(Beginning of DATA FOR THIS TASK)
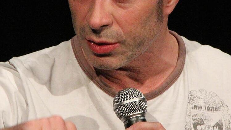 Zielsicher verstrickt sich Rolf Miller in der Eggerbachhalle im Dings, im Gewirr seiner Halbsätze. Und wie der nordbadische Westfranke das macht, ist einzigartig. Miller radebrecht über Beziehungskrisen (Eine Frau die ein Jahr lang schweigt, das hörst ja ), über Seitensprünge (Ich mag Kinder, aber nicht daheim) und Überlebens-Strategien wie sie der "Spinnenfresser" praktiziert. "Der überlebt manchmal bis zum Abend. Nichts gegen ein Vorurteil."
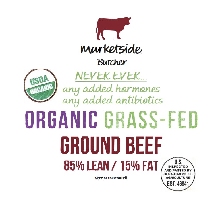 1-lb. vacuum packages containing “MARKETSIDE BUTCHER ORGANIC GRASS-FED GROUND BEEF” and a use or freeze by date of 07/01/20 and lot code P-53298-82.
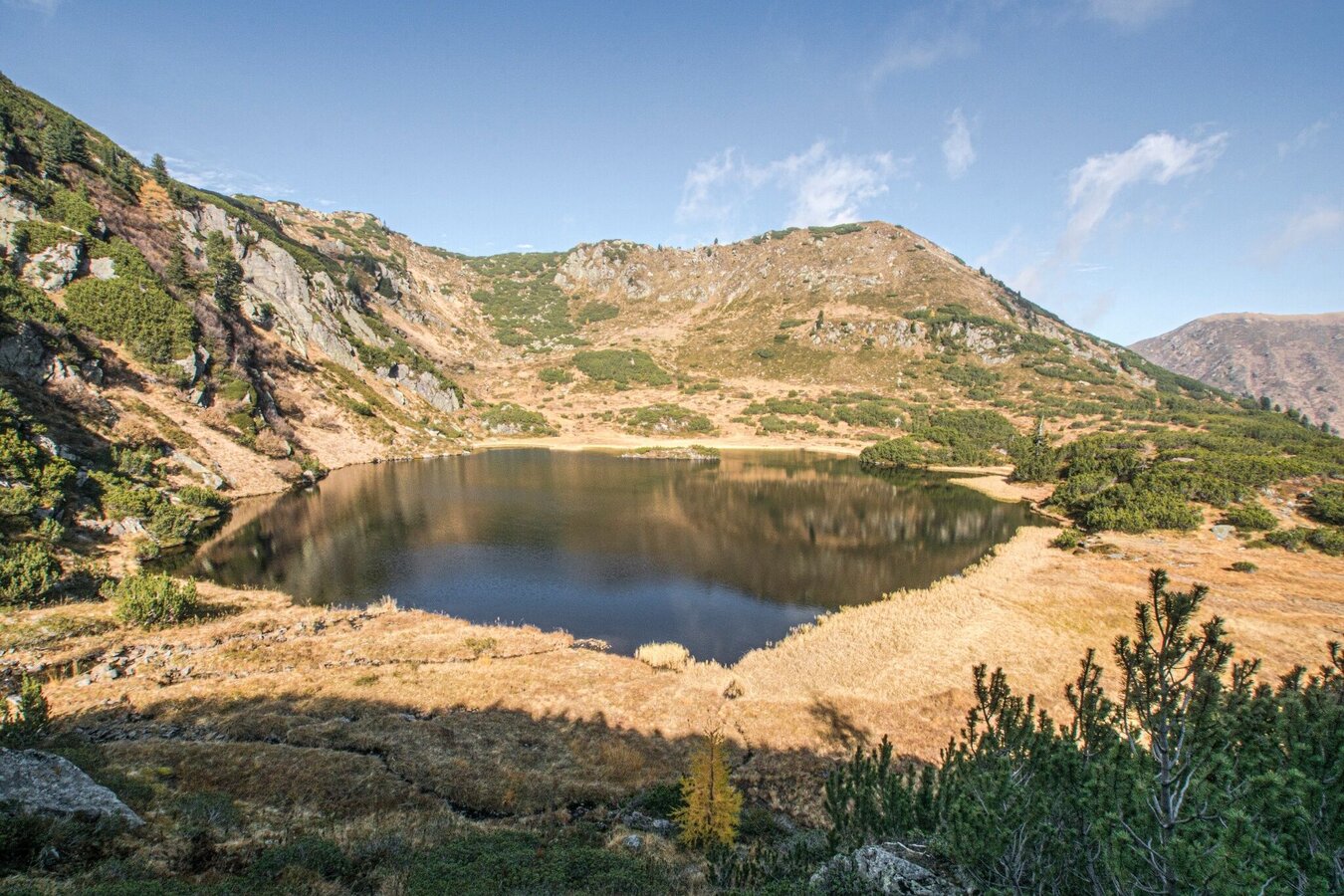 Unmittelbar nach dem Parkplatz am Dorfeingang von St. Nikolai im Sölktal zweigt man beim Wegkreuz nach rechts ab u. folgt nun für gut 40 Minuten dem Forstweg. An der ersten großen Kehre führt ein Almsteig steil bergauf u. kürzt die längeren Serpentinen des Forstweges ab. Durch schönen Hochwald erreicht man oberhalb der Baumgrenze die Kaltherbergalm und hat damit die ersten 500 Höhenmeter geschafft. Nach den Almböden wartet der nächste Anstieg (300 m), der steil über einen Bergrücken in ein schönes Kar führt, in den zwei malerische Seen eingebettet liegen, der Untere und der Obere Klaftersee.
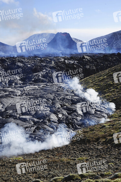 Spalteneruption am Berg Fagradalsfjall auf der Halbinsel Reykjanes im Südwesten Islands. Die Lava fließt in das Tal Geldingadalur. Besucher können das Gebiet bereten. Die Sicherheit wird durch Rettungsteams, Wissenschaftler und Polizei gewährleistet, die das Gebiet bei Gefahr sperren. Grindavik, 23.03.2021
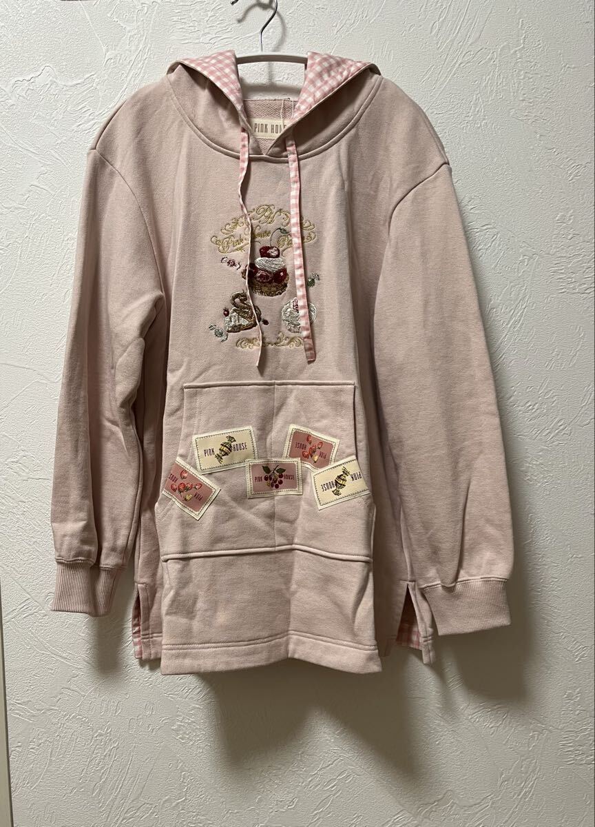 - ピンクハウス スイーツ刺繍トレーナーチェック フード付きトレーナー 刺繍ワッペントレーナー
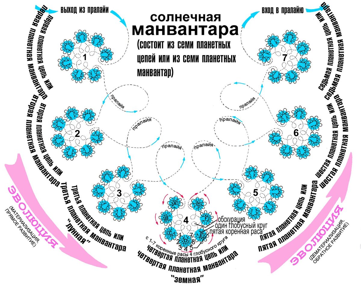 Манвантара – 26 000-летний период равный одному Великому году, в течении которого двенадцать созвездий Зодиака совершают большой круг движения по небесам. Великий год содержит в себе разные эпохи, соответствующие знакам Зодиака, в которых можно увидеть повторяющиеся узоры. Во всем существующем хаосе, можно заметить безупречный порядок, в который включен каждый человек, как часть Великого Плана Эволюции. В новой эпохе, для дальнейшего своего духовного развития, необходимо построить и интегрировать в своем индивидуальном сознании тело Света. «ГОСПОДЬ показывает двенадцать знаков Зодиака – двенадцать шаров выстроившись вокруг Святой Троицы. Движение идет справа на лево – первый шар – созвездие Водолея, последний двенадцатый – созвездие Рыб, на котором стоит крест, поставленный после передачи полномочий Аватара Иисусом Богу Тоту…. По прошествии 2000 лет шар созвездия Водолей займет место созвездия Рыб, а оно продвинется против часовой стрелки. Место эпохи Водолея займет эпоха Козерога. Бол
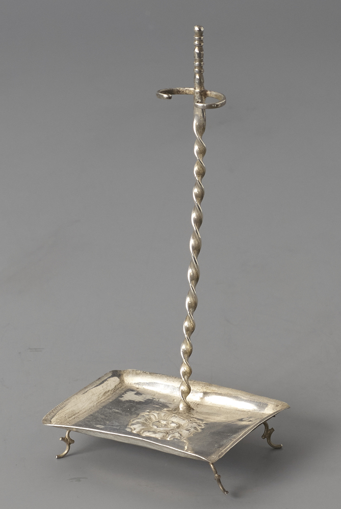 Rechthoekige pijpenstandaard met gedraaide stang op vier pootjes.- Trefwoorden
(End of DATA FOR THIS TASK)
> **EXERCISE DESCRIPTION**: Skipping the pictures, transcribe each line above exactly as it appears.

> **ANSWER TO THIS PROBLEM**:
 Zielsicher verstrickt sich Rolf Miller in der Eggerbachhalle im Dings, im Gewirr seiner Halbsätze. Und wie der nordbadische Westfranke das macht, ist einzigartig. Miller radebrecht über Beziehungskrisen (Eine Frau die ein Jahr lang schweigt, das hörst ja ), über Seitensprünge (Ich mag Kinder, aber nicht daheim) und Überlebens-Strategien wie sie der "Spinnenfresser" praktiziert. "Der überlebt manchmal bis zum Abend. Nichts gegen ein Vorurteil."
 1-lb. vacuum packages containing “MARKETSIDE BUTCHER ORGANIC GRASS-FED GROUND BEEF” and a use or freeze by date of 07/01/20 and lot code P-53298-82.
 Unmittelbar nach dem Parkplatz am Dorfeingang von St. Nikolai im Sölktal zweigt man beim Wegkreuz nach rechts ab u. folgt nun für gut 40 Minuten dem Forstweg. An der ersten großen Kehre führt ein Almsteig steil bergauf u. kürzt die längeren Serpentinen des Forstweges ab. Durch schönen Hochwald erreicht man oberhalb der Baumgrenze die Kaltherbergalm und hat damit die ersten 500 Höhenmeter geschafft. Nach den Almböden wartet der nächste Anstieg (300 m), der steil über einen Bergrücken in ein schönes Kar führt, in den zwei malerische Seen eingebettet liegen, der Untere und der Obere Klaftersee.
 Spalteneruption am Berg Fagradalsfjall auf der Halbinsel Reykjanes im Südwesten Islands. Die Lava fließt in das Tal Geldingadalur. Besucher können das Gebiet bereten. Die Sicherheit wird durch Rettungsteams, Wissenschaftler und Polizei gewährleistet, die das Gebiet bei Gefahr sperren. Grindavik, 23.03.2021
 - ピンクハウス スイーツ刺繍トレーナーチェック フード付きトレーナー 刺繍ワッペントレーナー
 Манвантара – 26 000-летний период равный одному Великому году, в течении которого двенадцать созвездий Зодиака совершают большой круг движения по небесам. Великий год содержит в себе разные эпохи, соответствующие знакам Зодиака, в которых можно увидеть повторяющиеся узоры. Во всем существующем хаосе, можно заметить безупречный порядок, в который включен каждый человек, как часть Великого Плана Эволюции. В новой эпохе, для дальнейшего своего духовного развития, необходимо построить и интегрировать в своем индивидуальном сознании тело Света. «ГОСПОДЬ показывает двенадцать знаков Зодиака – двенадцать шаров выстроившись вокруг Святой Троицы. Движение идет справа на лево – первый шар – созвездие Водолея, последний двенадцатый – созвездие Рыб, на котором стоит крест, поставленный после передачи полномочий Аватара Иисусом Богу Тоту…. По прошествии 2000 лет шар созвездия Водолей займет место созвездия Рыб, а оно продвинется против часовой стрелки. Место эпохи Водолея займет эпоха Козерога. Бол
 Rechthoekige pijpenstandaard met gedraaide stang op vier pootjes.- Trefwoorden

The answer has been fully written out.